For Maven 2.x and 3.x, the value can be defined as an equivalent property:

<project>
  ...
  <properties>
    <project.build.outputTimestamp>2019-10-02T08:04:00Z</project.build.outputTimestamp>
    ...
  </properties>
  ...
</project>

Thus plugins could immediately be modified to use ${project.build.outputTimestamp} default value, whatever Maven version is used.

MSHARED-837 issue has been created to provide to plugins a shared API to parse the timestamp and configure reproducible archive creation in a uniform way.

MRELEASE-1029 has been created to update the timestamp value during release:prepare.

Rebuilding

The underlying problem is that the pom file does not capture all the configuration of the build environment: it includes the plugins used during the build with their version number, but it does not include the version of Maven and the JDK, the Operating System and the architecture used to produce the artifact, etc...

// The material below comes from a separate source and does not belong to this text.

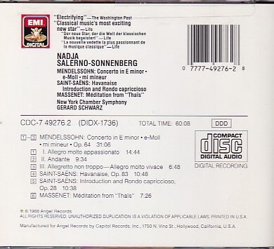 ナージャ・サレルノ・ソネンバーグ メンデルスゾーンヴァイオリン協奏曲 ハバネラ タイスの瞑想曲 序奏とロンド・カプリッチョーソ 收藏

What can we do? (non-exhaustive list):

  • Drop the Maven/JDK version numbers in MANIFEST: most of the time you should get exactly the same result with two different versions of Maven and/or JDK (if you keep the same major version number). But you have to restrain to a given OS family because of line endings. However, with the new development roadmap of OpenJDK (2 "major" versions per year, each one increasing the class file version number), it may be difficult to find 2 versions of javac that produce the same class files in the near future.
  • Keep the version numbers in the MANIFEST: there are not easily accessible here. Moreover the semantic is poor (e.g. there is no JDK vendor so you can have different results if you use OpenJDK/Oracle JDK/Eclipse compiler, no reference of the Operating System used for line endings).
  • Add a "reproducible build bill of materials" in an external file. This is the way Debian took to manage reproducible builds: they record the "build environment" in an external ".buildinfo" file that has all the information required to reproduce the build environment. If the frame of Maven we can think of several ways to achieve that (non-exhaustive list):
    • Create a secondary artifact (e.g. *-buildinfo.xml) with the required information
    • "Patch" the published pom file to add properties with the required information, something like:
<properties>
  <maven.reproducible.build.maven.version>3.5.0</maven.reproducible.build.maven.version>
  <maven.reproducible.build.jdk.version>8u123</maven.reproducible.build.jdk.version>
  <maven.reproducible.build.jdk.vendor>openjdk</maven.reproducible.build.jdk.vendor>
  <maven.reproducible.build.arch>amd64</maven.reproducible.build.arch>
  <maven.reproducible.build.os>linux</maven.reproducible.build.os>
</properties>

This buildinfo for the jvm is currently a work in progress on reproducible-builds.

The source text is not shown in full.